Background information
- Origin: Barnsley, England
- Genres: Grunge, alternative rock, post-grunge
- Years active: 2015–2022
- Label: Hands Off Gretel
- Past members: Becky Baldwin Danny Pollard Joe Scotcher Laura Moakes Lauren Tate Sam Hobbins Sean Bon
- Website: www.handsoffgretel.co.uk

= Hands Off Gretel =

British alternative rock band (e. 2015)

Hands Off Gretel were an English rock band, formed 2015 in Barnsley, South Yorkshire.

The last line-up was composed of frontwoman Lauren Tate, guitarist Sean Bon, drummer Sam Hobbins and bassist Becky Baldwin. The band self-released two studio albums, one demos album and several EPs before going on hiatus in 2022.

==History==

The band was formed in 2015. A preview for a Southampton concert in the Basingstoke Gazette reported "Hands Off Gretel's frontwoman Lauren Tate has made it her mission to ensure that strong young women have a voice in today's music industry." Tate is also credited for the band's videos, album artwork, and designing of the band's merchandise.
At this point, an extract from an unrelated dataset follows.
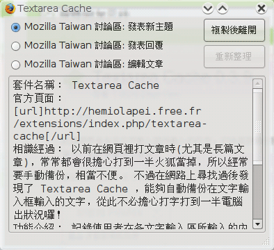 官方頁面: http://hemiolapei.free.fr/extensions/index.php/textarea-cache

In 2016, they released their debut album Burn the Beauty Queen, which received praise from Ged Babey in Louder Than War: "a massive achievement and over-ambitious album which marks the start of a career that could well see them becoming as big as Nirvana, Marilyn Manson or Miley Cyrus over time..... given the breaks, and skillful management."

Their performance at The Great British Alternative Festival at Butlins in Skegness was reviewed by Vive Le Rock. Reviewer Paula Frost commented on how Tate "entered with yet another iconic look, this time dressed in gold with lines drawn across her face [...] She knows how to get the audience snapping away."

A second album I Want the World was released on 29 March 2019. Vive Le Rocks Paula Frost awarded the album 8/10, commenting "It's not often you get a band who can emit intimidation and cuteness all at once." Later that year, Tate released a new solo album, Songs for Sad Girls.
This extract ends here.